2. Disinfect the blister and surrounding area with a piece of
cotton wool soaked in Betadine.
3. Take a normal sewing needle, threaded with normal cotton
thread, the one used for sewing buttons on. Disinfect needle
and thread by wiping them with cotton wool soaked in
Betadine. As is logical, first wash your hands carefully
with soap and water. You don’t need to dry them.

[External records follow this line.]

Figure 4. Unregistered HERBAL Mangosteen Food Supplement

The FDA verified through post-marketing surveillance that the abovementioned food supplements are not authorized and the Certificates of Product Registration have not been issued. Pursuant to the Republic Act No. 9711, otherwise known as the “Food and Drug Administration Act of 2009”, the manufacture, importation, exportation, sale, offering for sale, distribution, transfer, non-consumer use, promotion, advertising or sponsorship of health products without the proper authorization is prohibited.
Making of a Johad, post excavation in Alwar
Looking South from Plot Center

4. Take the needle and thread and, without a second thought,
stick it through the blister from one side to the other (it
doesn’t hurt!) until you see the thread appear. Cut the
thread leaving approximately one centimetre on either side
of the blister. Disinfect the area again and Voilà! The job’s
done – you’ve now got an empty blister with a piece of
thread coming out of each side.
The blister’s gone for good, because the thread ends act as
a drain, and no more liquid will accumulate in the blister.

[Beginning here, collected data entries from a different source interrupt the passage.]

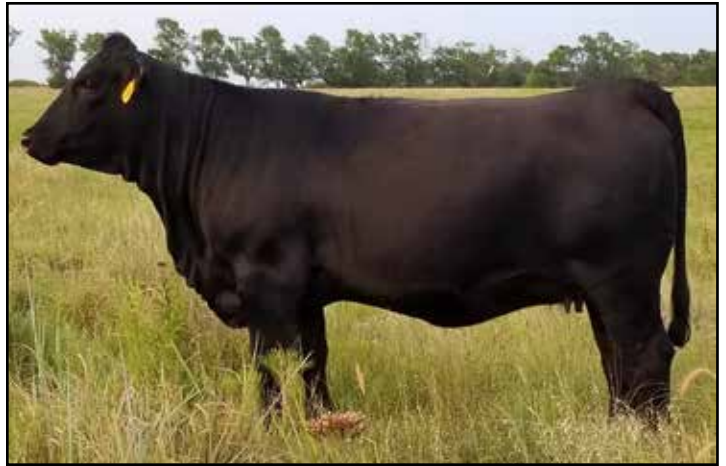
PV MISS TEXAS STAR 918D

MC ROCK STAR 924U6 TEXAS STAR R10191789 MS CSONKA 9U8U3 COOLEY MENARD 326S SCC MISS MENARD 918X29 UB10187347 SUHN'S MS CONFEDERATE 918S MC JETHRO 00S3 MISS NMSU 924 CSONKA OF BRINKS 30R4 MISS 4L BEST BET 9U8P5 CONNEALY FREIGHTLINER KDB ELLUNA M120 CONFEDERATE SUHN'S MS JOHN WAYNE 918P2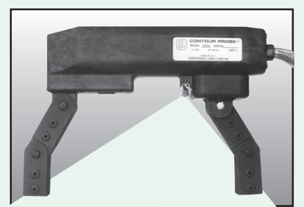
B300 - A.C. Contour Probe. Available with Y300 Yoke Light. Also available with GFI Plug.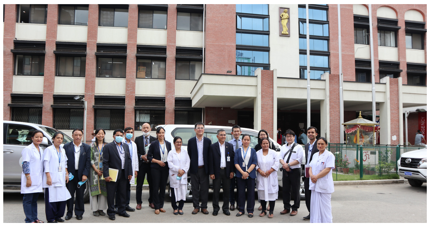
Officals from Embassy of Japan and JICA Nepal with the staff members of Paropakar Maternity and Women's Hospital in Thapathali.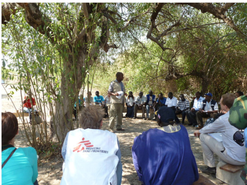
Humanitarian workers at a coordination meeting in South Sudan's Pibor coordination hub, Jonglei State, where inter-communal violence affected nearly 170,000 people. Aid organizations have recorded 165 violent incidents with humanitarian consequences in the first five months of 2012 alone.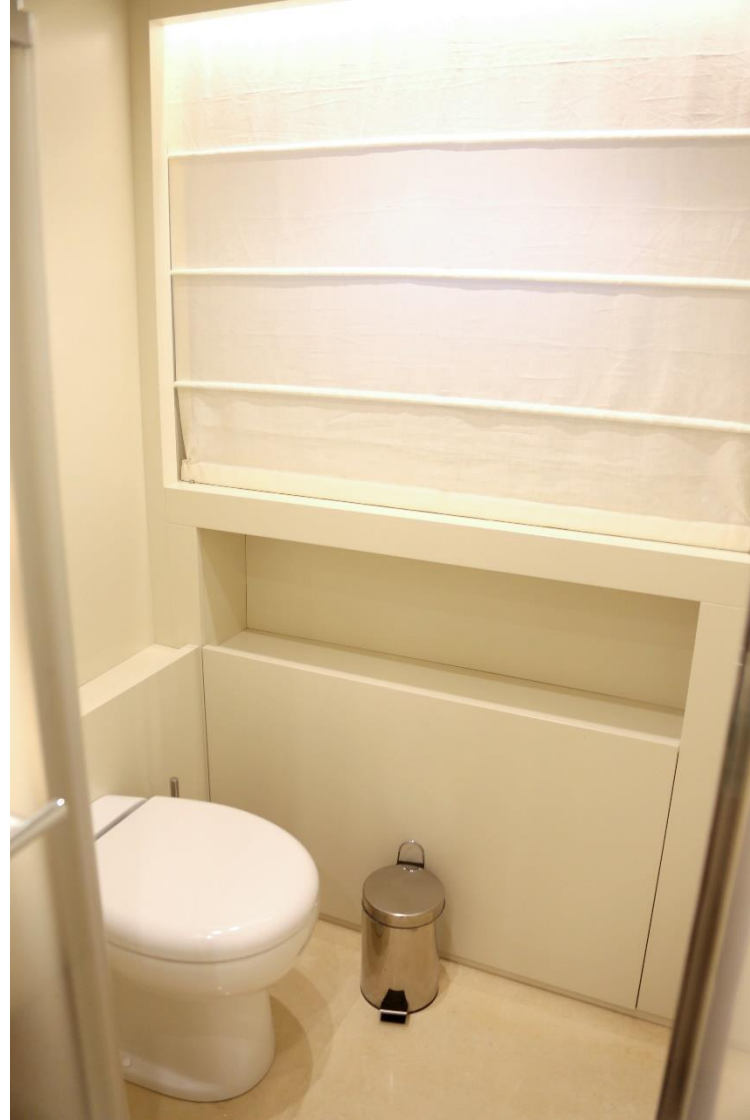
VIP cabin bathroom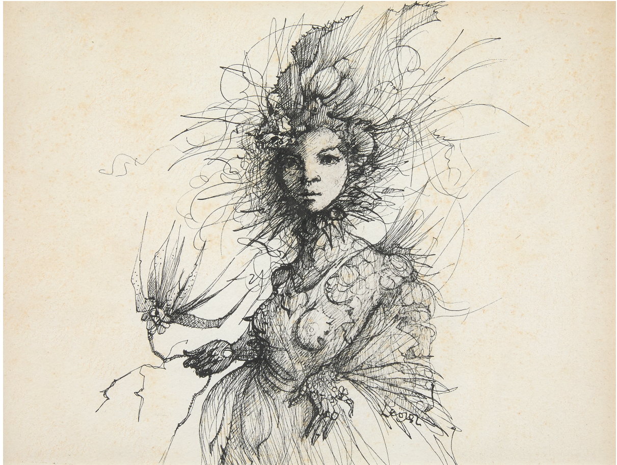
Leonor Fini (Buenos Aires 1907 – Paris 1996), Self-portrait with a Dragonfly , signed lower right “Leonor”; pen and ink on paper, 15.5 × 20.5 cm (6 1/8 × 8 1/8 in.).

Now you need to be particularly careful to ensure the blister
(or rather ex-blister) doesn’t become infected. So cover
it with a dressing (a wide plaster is sufficient, provided
that it covers the whole area) and disinfect with Betadine
every day. You’ll see that you’ll be able to walk with
no problem at all, even with the threads in place. If you
remove the threads the blister will start to fill up again,
and the problem reappears.
Well, I think that’s sufficient to give you an idea of the
treatments to be applied for the different injuries and
sores and how to avoid them. If you have any doubts or need
clarification on any point, well that’s what the forum’s
here for. Ask and you’ll get a reply. Or at least we’ll
try.
In any case, let St James protect us! And ENJOY THE
PILGRIMAGE!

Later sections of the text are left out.